Sometimes, it’s a bad idea to be average. When you look at average household debt in the United States, it becomes clear that average is nothing to aspire to. When you look at the average retirement savings in the United States, it’s obvious that you probably want to be well above average. The same thing is true when it comes to the average credit card debt in American households – you want to be above average!
Average Credit Card Debt in America
Credit card debt is creeping higher in the United States again, after dropping during the recession that followed the 2008 financial crisis. Here are some of the facts about what it means if you are average when it comes to credit card debt:
- Average household credit card debt: $7,150, according to the Federal Reserve.
- TransUnion reports that, on average, Americans are carrying higher balances.
- According to CreditCards.com, the average credit card debt per household with credit card debt is $15,956.
- The Survey of Consumer Payment Choice, published by the Federal Reserve Bank of Boston in January 2010, indicates that the average cardholder has 3.5 credit cards.
- Bankrate.com (as reported in U.S. News & World Report) says that 35% of credit card holders pay off their balances each month.
As you can see, being an average credit card holder is not a good thing.
One of the things I found most interesting was the difference between the average household credit card debt — which assumes that every household carries credit card debt — and the amount of credit card debt held by households with that type of debt. Things come into clear focus: If you have credit card debt, you are likely to have a significant amount of it. And credit card users are driving up the average debt overall.

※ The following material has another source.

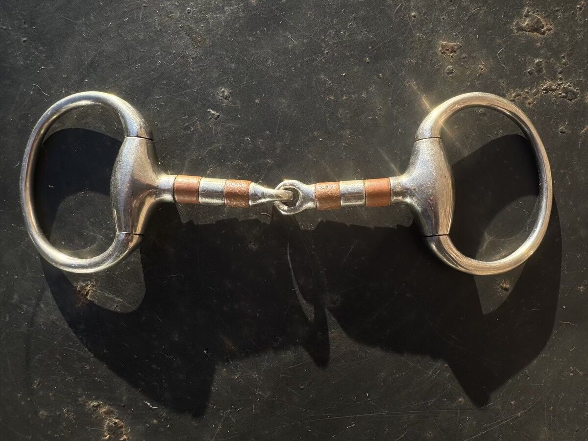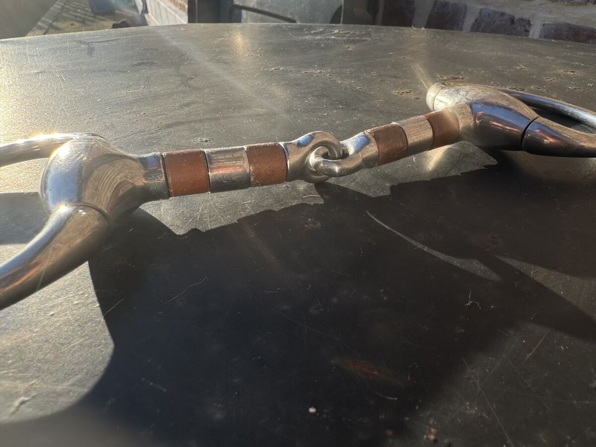 Lot de deux mors simples Inox avec petits "jouets" en cuivres taille 115 simple brisures anneaux fixes
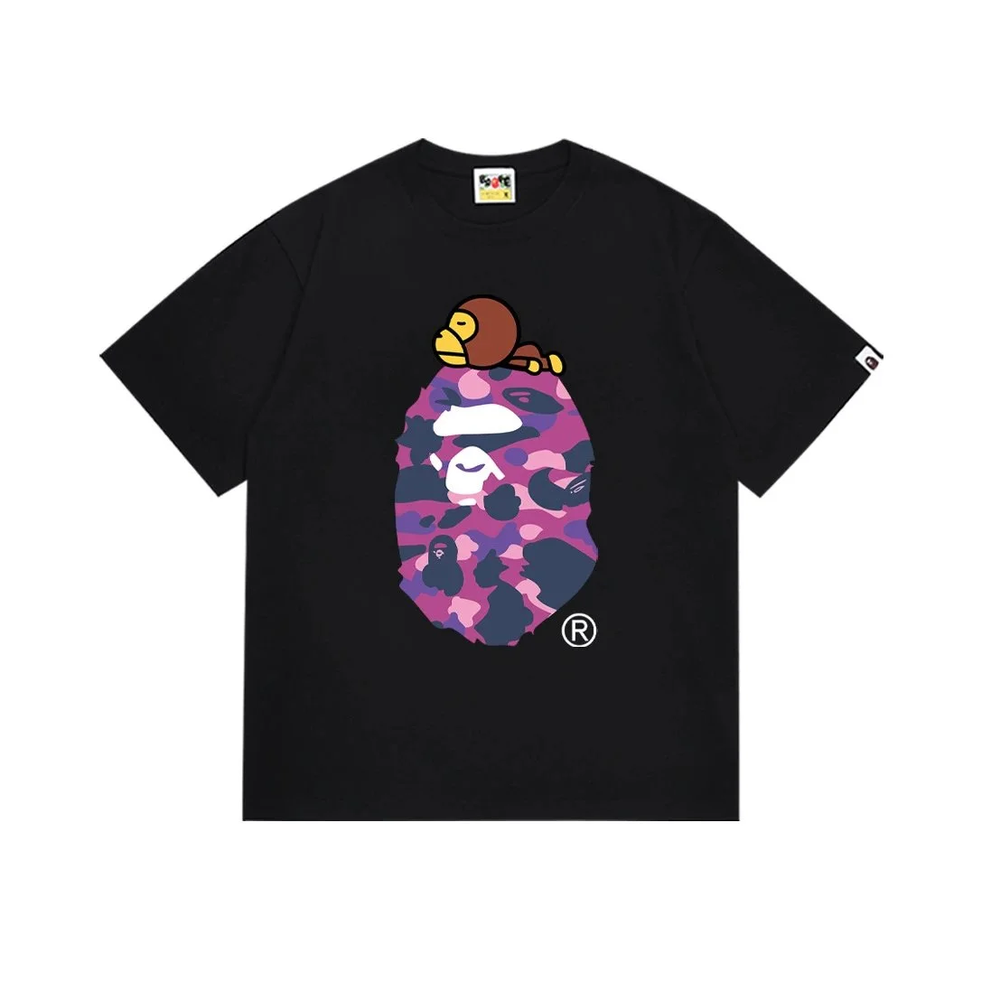 BAPE Black Ape Emblem T Shirt: Streetwear in the Litbuy spreadsheet.This BAPE t – shirt is a must – have for streetwear lovers. The black base color provides a sleek look, while the iconic BAPE ape head in a unique pink and purple camouflage pattern steals the show. There’s also a cute little ape figure on top of the emblem, adding a playful touch. Made from high – quality fabric, it’s comfortable for all – day wear. Whether you’re hitting the streets or hanging out with friends, this t – shirt makes a bold fashion statement.

Using a Credit Card vs. Having Credit Card Debt
It’s important to understand the difference between using a credit card and racking up credit card debt. From the information, it seems as though 65% of credit card users carry a balance month to month. That carried balance is credit card debt. The 35% of credit card users that pay off their cards each month may be using credit cards, but they aren’t accumulating credit card debt.
While it’s easy to point to the credit card debt data and say that credit cards are evil, the reality is that they are just financial tools. While credit card issuers may charge fees and high interest rates, the truth is that if you pay your bills on time, and pay off your balance each month, you won’t have to pay these fees. With the right planning and credit card strategy, you can make the most of credit card use, earning cash back, free travel, and discounted merchandise and gift cards.
The average American has credit cards. And the average credit card user builds up debt. It’s clear that you don’t want to be average in this regard. The average interest rate on credit cards, according to a November 29, 2012 survey from Bankrate.com, is 14.02% for fixed rate cards and 14.58% for variable rate cards. The latest information from the Federal Reserve also indicates that credit card balances increased by $2 billion between the second and third quarters of 2012. That’s a lot of interest being paid to credit card issuers. This is crazy when you can use a balance transfer credit card and get anywhere from 12-18 months with 0% interest.
Rather than being an average credit card user, you could save money by being a little bit unusual. Instead of carrying a balance, pay it off each month. That way, you avoid building up debt — and paying fees on it. You can put the interest you would have paid toward pursuits that actually benefit you, including investing so that you earn interest rather than pay it.
What do you think? Are you the typical credit card user?